Stop at the line containing "4 離體視網膜刺激數據:來自圖6,顯示在離體小鼠視網膜中,短潛伏期(SL) spikes在": write out every line from the beginning of the entries up to and including it, minus the pictures.

Records contained in a dataset:
━━━━━━━━

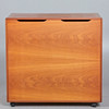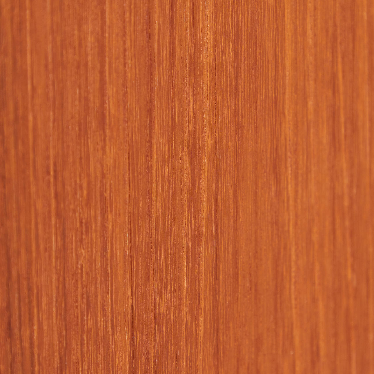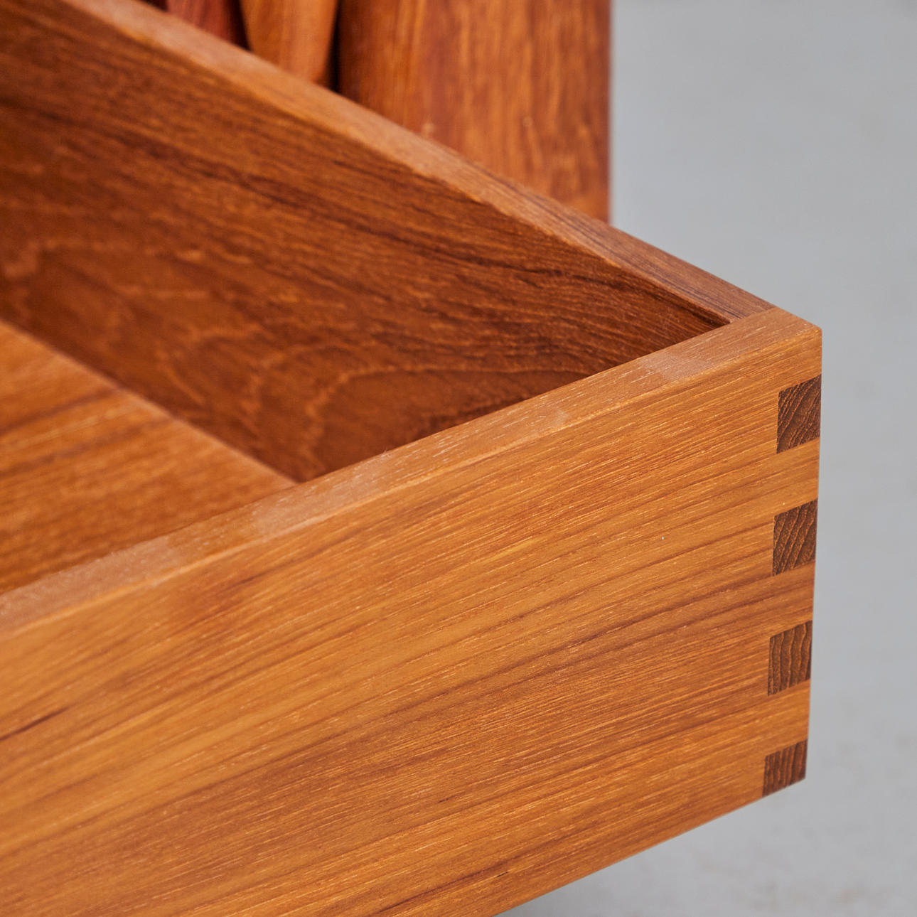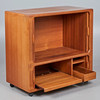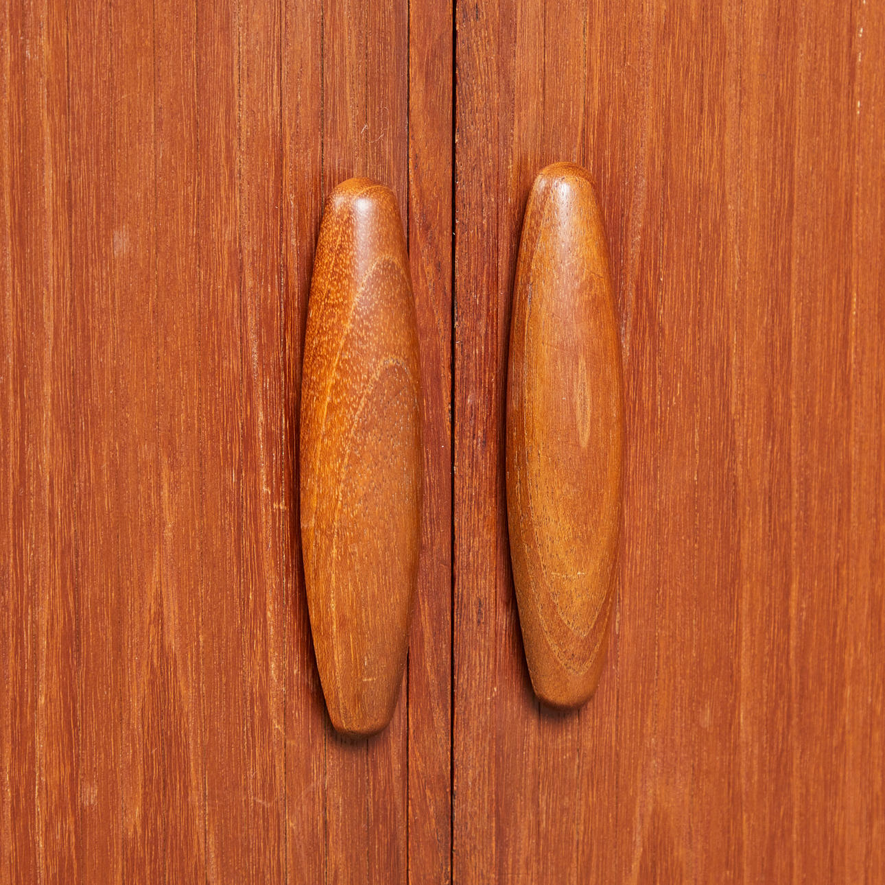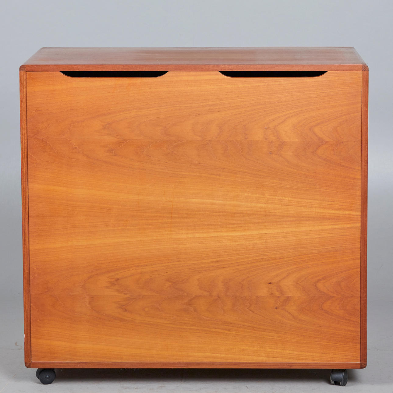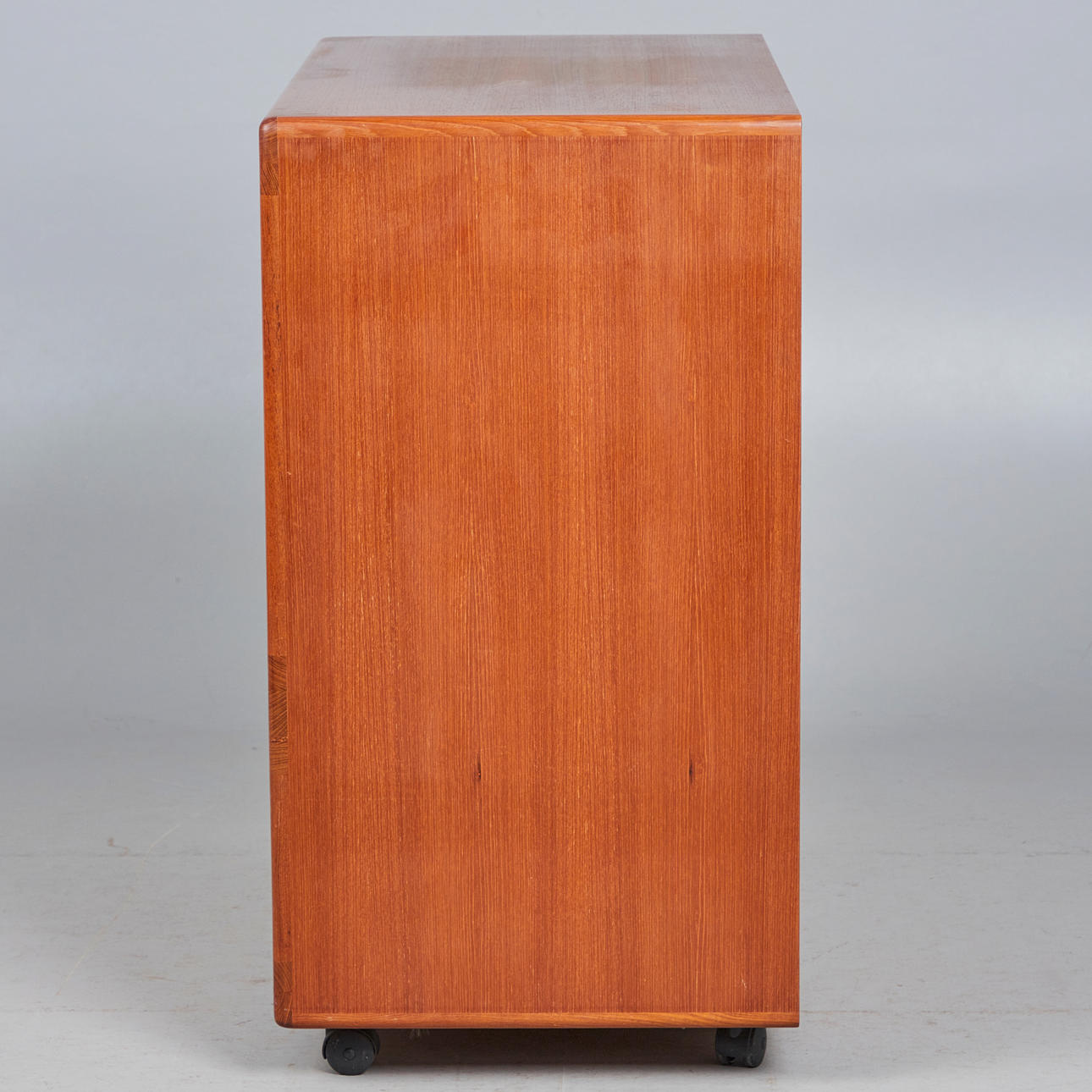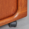 Dyrlund, garderob/highboard, teak, 1970-tal, Danmark. Teak highboard med rektangulär kropp med rundade hörn på fyra svarta plasthjul, utrustade med fyra skjutdörrar med olika hyllor, H.100cm, W.105cm, D.54cm.
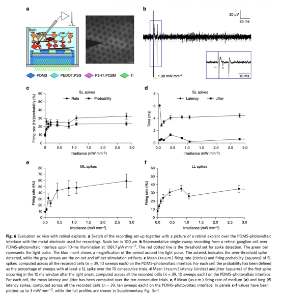 4 離體視網膜刺激數據:來自圖6,顯示在離體小鼠視網膜中,短潛伏期(SL) spikes在 irradiance 高于1.08 mW/mm2時飽和,平均潛伏期4.12ms。研究意義是證實假體能有效激活視網膜神經節細胞,且響應可控。
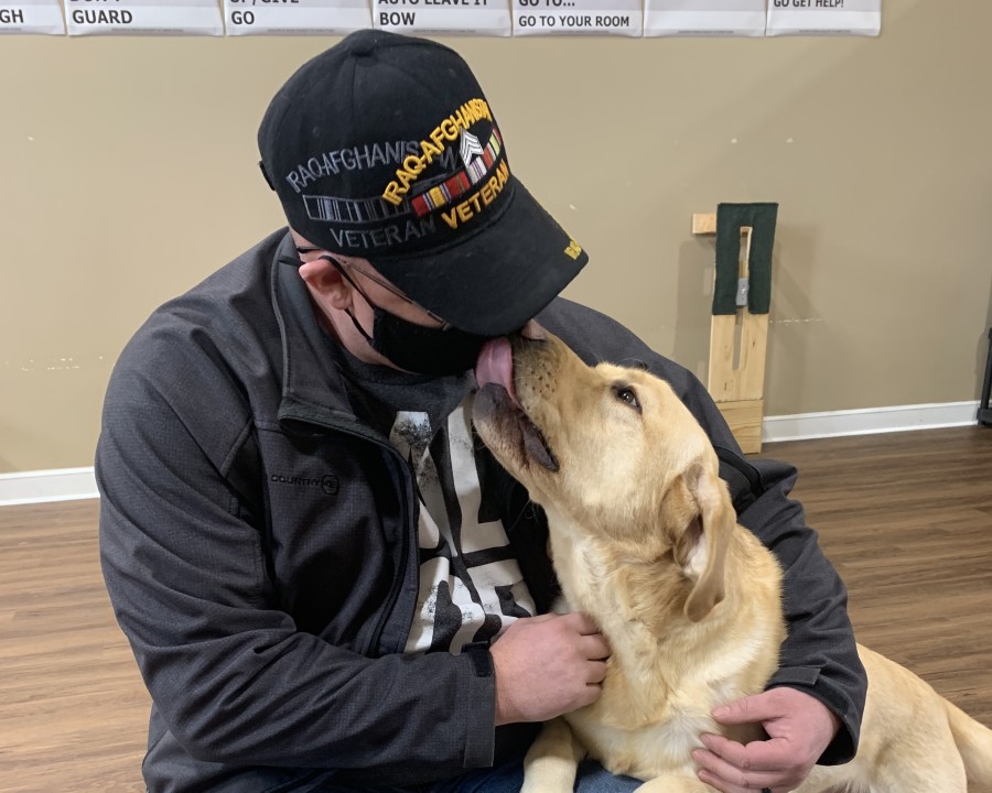 David's story starts in 2011 when on deployment to Afghanistan, David survived an attack by a suicide bomber. David and his team were responsible for refueling military vehicles, so they were no strangers to being under fire. On that day in May of 2011, the attack came when least expected. The suicide bomber appeared at David's base's gate. According to David, he was "far enough away not to get killed, but close enough to get knocked on my tail and get knocked out." He suffered a Traumatic Brain Injury due to the explosion and was later diagnosed with Post-traumatic Stress Disorder. Upon returning home, David went to a dark place. Like many of our Warriors, he began drinking and drifting away from his family members. His wife urged him to get help. Through the Hunter Holmes McGuire VA Medical Center, David discovered Paws for Purple Hearts' Canine-Assisted Warrior Therapy® program.---- A unique therapeutic intervention, this program focuses on creating opportunities for positive, meaningful interactions with our Service Dogs in Training and their fellow Warriors. Guided by our brilliant staff of highly experienced Program Instructors, Warriors like David get the chance to reinforce commands and behaviors that are vital for a Service Dog in Training—working with the dogs resonated with David, inspiring him to apply for a Paws for Purple Hearts Service Dog. In February 2021, David got the call that Paws for Purple Hearts had a match for him. Two months later, David went through an intensive two-week training course where he bonded with his forever partner, a yellow lab named Scout. David and Scout clicked instantly. Scout's intuition predicted David's anxiety attacks while Scout's drive to work assisted David with physically demanding tasks like picking up David's cane. Today, you wouldn't recognize David as the man he was before Scout. He stands straighter and hardly uses his cane anymore. If you ask him about Scout, he smiles and says, "Scout has helped my confidence so much that I feel happier when I wake up."
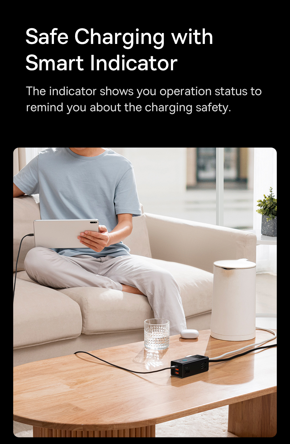 Đèn bảo hiện thị trạng thái hoạt động, nhắc nhở cho bạn về sự an toàn khi sạc
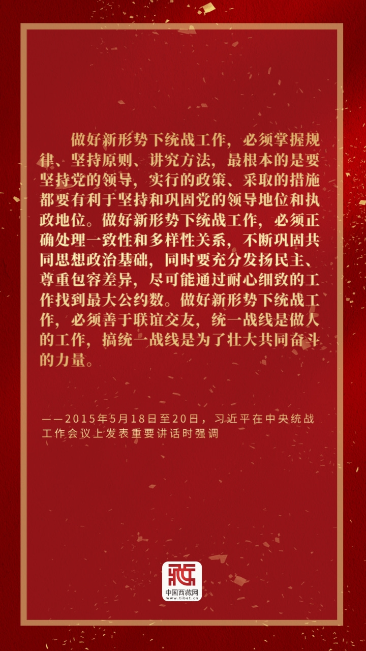 統(tǒng)一戰(zhàn)線是中國共產(chǎn)黨在中國革命中戰(zhàn)勝敵人的一個(gè)重要法寶。黨的十八大以來,以習(xí)近平同志為核心的黨中央把統(tǒng)一戰(zhàn)線和統(tǒng)戰(zhàn)工作擺在全黨工作的重要位置,努力團(tuán)結(jié)一切可以團(tuán)結(jié)的力量、調(diào)動(dòng)一切可以調(diào)動(dòng)的積極因素,畫出最大同心圓,為黨和人民事業(yè)不斷發(fā)展?fàn)I造了十分有利的條件。讓我們一起品讀習(xí)近平總書記關(guān)于統(tǒng)戰(zhàn)工作的“金句”,以此為指南,凝聚團(tuán)結(jié)奮進(jìn)力量,不斷開創(chuàng)統(tǒng)戰(zhàn)工作新局面!(中國西藏網(wǎng) 編輯/周晶 孫健 制作/歐帆)
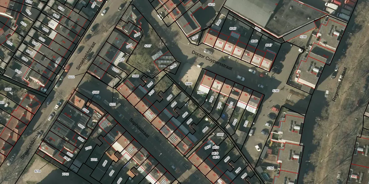 Gebruik de zoekbalk of klik op een perceel om informatie over het perceel te bekijken.
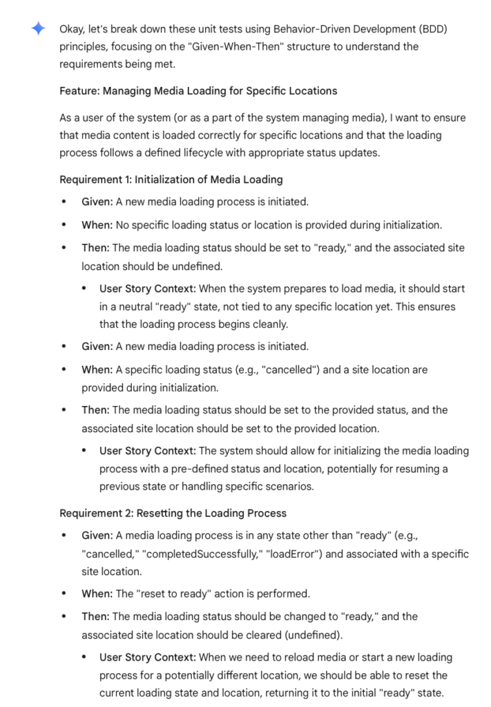 Interestingly, generative AI can deduce features and their scenarios by analyzing unit tests of these individual components, in conjunction with application code.
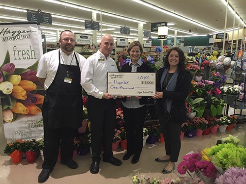 Haggen of Redmond manager Ben Floyd, second from left, recently handed over a $1,000 check to Hopelink representatives.
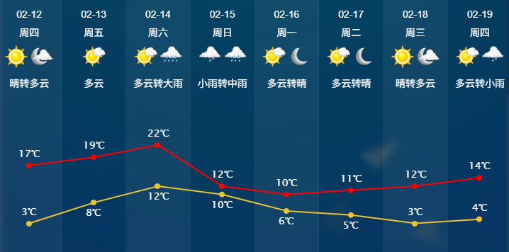 明天晴转多云,气温3~17℃,最低气温比今天偏低1℃左右。周五(13日)起暖湿气流再度活跃,白天云系增多转多云到阴,夜里起阴有小雨。降水主要出现在周五夜间到周日。气温先升后降,周五最高气温升至19℃左右,周六(2月14日)最高气温更是突破两位数,直冲22℃。
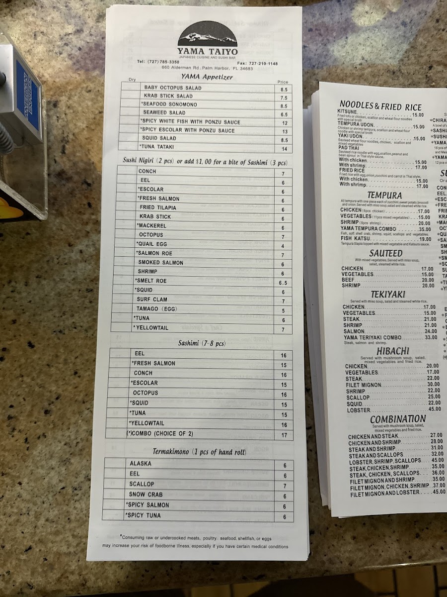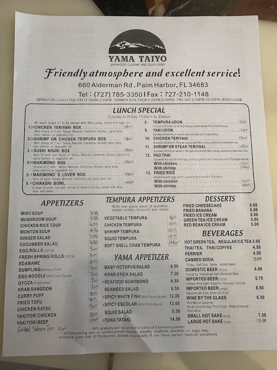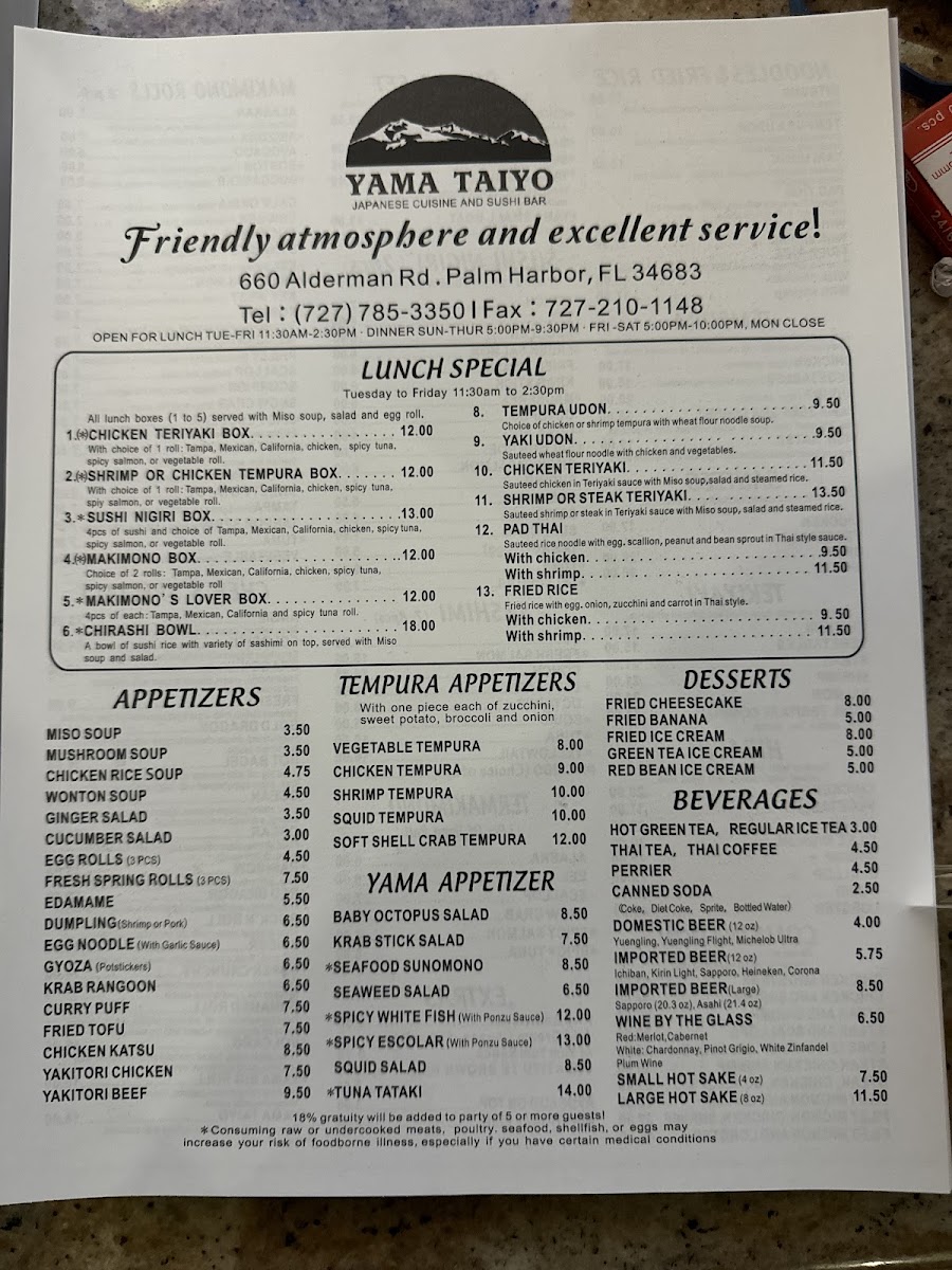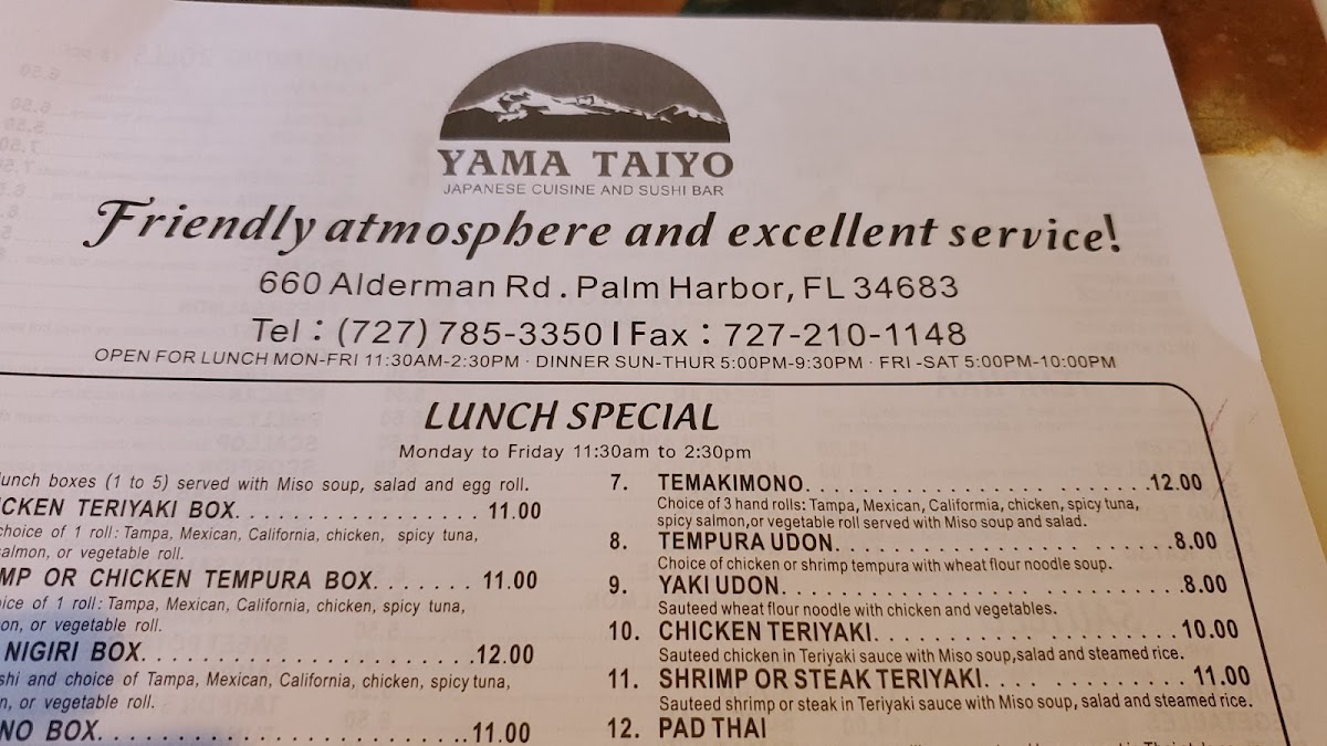 If you’re in the mood for fresh, flavorful Japanese cuisine, you have to check out the Yama-Taiyo Japanese Cuisine Menu. Located at 660 Alderman Rd, Palm Harbor, FL, this spot offers a mouthwatering variety of dishes, from sushi rolls that are as beautiful as they are tasty, to sizzling hot bowls of ramen packed with savory broth. Each dish is crafted with care, bringing the authentic taste of Japan straight to your table. Whether you’re a sushi enthusiast or a fan of comforting noodle soups, there’s something here to satisfy every craving. With a menu that caters to all tastes, Yama-Taiyo is the perfect place to enjoy a meal with friends or family.
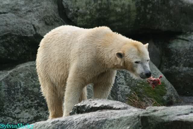 Auch die Mädels guckten verdutzt. Nancy und Kati sind total leer ausgegangen. Sie standen noch lange da und warteten vergeblich. Es gab heute wirklich sehr wenig Fleisch. Das was Knut und Tosca gefressen haben, war nicht sehr üppig, wenn man beddenkt, dass das Futter eigentlich für alle vier Bären gedacht war.
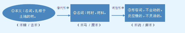 释义 | ![]() 树木;木头。常用于固定词组中,或用作语素构成合成词。 独~不成林|~已成舟|树~|楠~|醒~。 麻木。 a.作谓语。 天太冷,双脚都~了|舌头~了,什么味儿也辨不出。 b.作补语。 水冷得浸骨头,手指都冻~了|时间太长,脚都站~了。 【词语】 木板 木材 木柴 木雕 木耳 木筏 木工 木刻 木料 木乃伊 木讷 木偶 木排 木然 木已成舟 木鱼 字源解说 木,甲骨文 ![]() ![]() ![]() ![]() ![]() ![]() ![]() ![]() ![]() ![]() ![]() ![]() ![]() ![]() 附 文言版《説文解字》:木,冒也。冒地而生。東方之行。从屮,下象其根。凡木之屬皆从木。 附 白话版《说文解字》:木,冒突。冒地而生。五行之中,东方属木。字形采用“屮”作边旁,下部象它的根。所有与木相关的字,都采用“木”作边旁。 引申线索 ![]() 【字族索引】 木 【同音字】 mù |
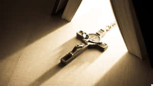Cross With Ray Of Light Shining From Heaven Wallpaper -

━━━━━━━━

Your response:
 Dyrlund, garderob/highboard, teak, 1970-tal, Danmark. Teak highboard med rektangulär kropp med rundade hörn på fyra svarta plasthjul, utrustade med fyra skjutdörrar med olika hyllor, H.100cm, W.105cm, D.54cm.
 4 離體視網膜刺激數據:來自圖6,顯示在離體小鼠視網膜中,短潛伏期(SL) spikes在 irradiance 高于1.08 mW/mm2時飽和,平均潛伏期4.12ms。研究意義是證實假體能有效激活視網膜神經節細胞,且響應可控。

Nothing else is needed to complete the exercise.